• **RECORDED INFORMATION**:
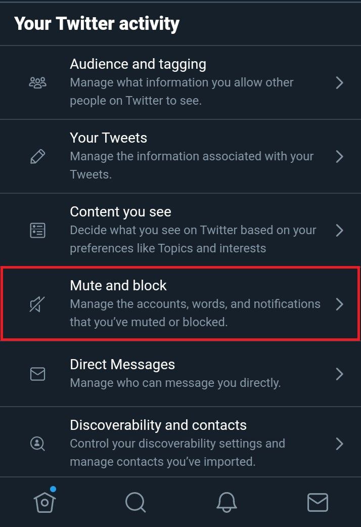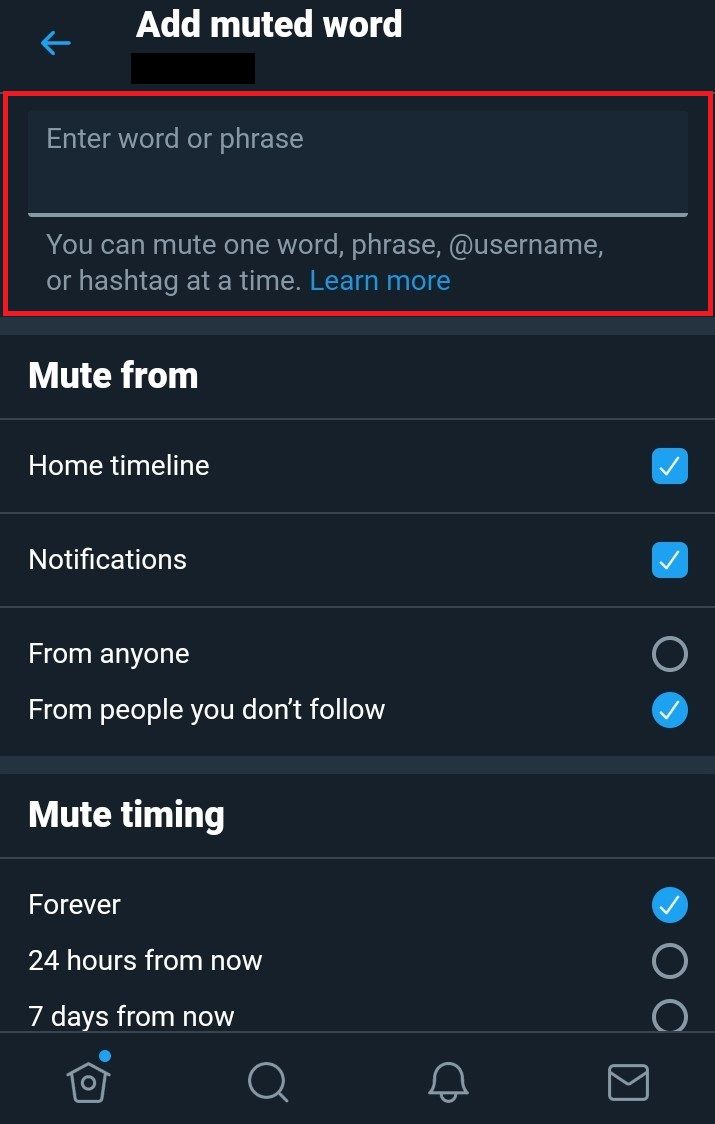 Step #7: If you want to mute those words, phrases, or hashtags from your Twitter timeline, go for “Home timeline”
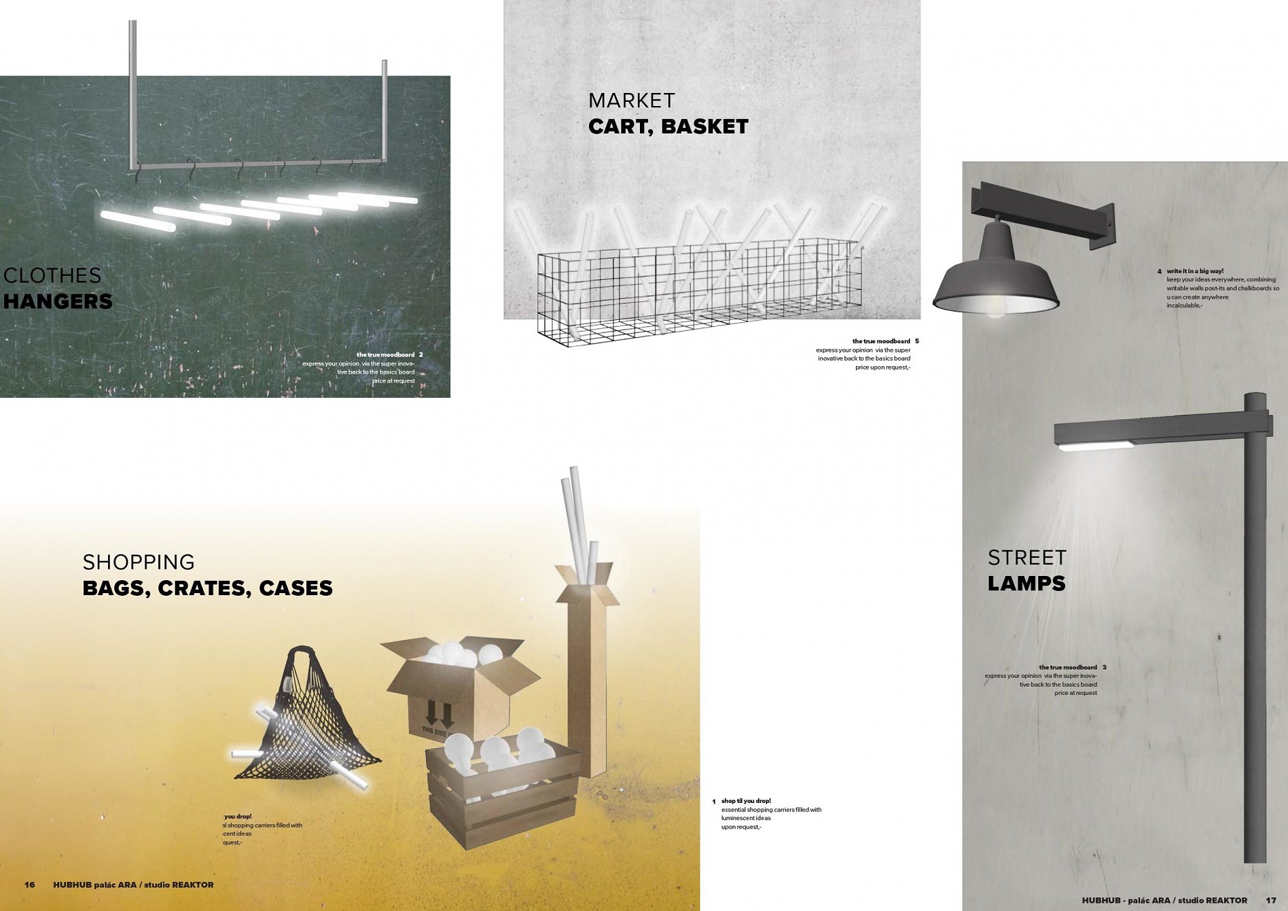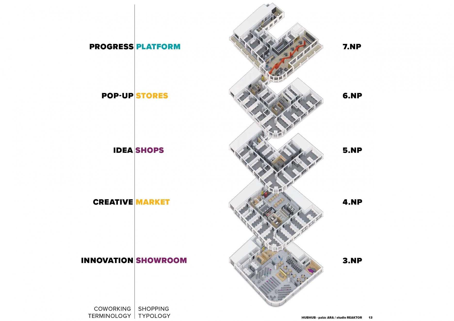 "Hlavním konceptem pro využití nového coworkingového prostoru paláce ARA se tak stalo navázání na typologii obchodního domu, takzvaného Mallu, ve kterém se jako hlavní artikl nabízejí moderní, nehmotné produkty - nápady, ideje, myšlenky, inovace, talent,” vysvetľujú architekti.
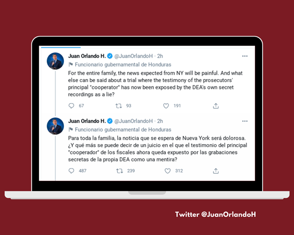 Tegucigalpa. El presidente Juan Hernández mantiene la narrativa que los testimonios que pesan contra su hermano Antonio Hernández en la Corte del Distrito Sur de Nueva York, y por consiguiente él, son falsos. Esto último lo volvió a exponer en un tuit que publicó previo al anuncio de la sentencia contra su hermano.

• **EXERCISE INSTRUCTIONS**: Give the data again word for word, without images.

• **OUTPUT FOR THIS EXERCISE**:
 Step #7: If you want to mute those words, phrases, or hashtags from your Twitter timeline, go for “Home timeline”
 "Hlavním konceptem pro využití nového coworkingového prostoru paláce ARA se tak stalo navázání na typologii obchodního domu, takzvaného Mallu, ve kterém se jako hlavní artikl nabízejí moderní, nehmotné produkty - nápady, ideje, myšlenky, inovace, talent,” vysvetľujú architekti.
 Tegucigalpa. El presidente Juan Hernández mantiene la narrativa que los testimonios que pesan contra su hermano Antonio Hernández en la Corte del Distrito Sur de Nueva York, y por consiguiente él, son falsos. Esto último lo volvió a exponer en un tuit que publicó previo al anuncio de la sentencia contra su hermano.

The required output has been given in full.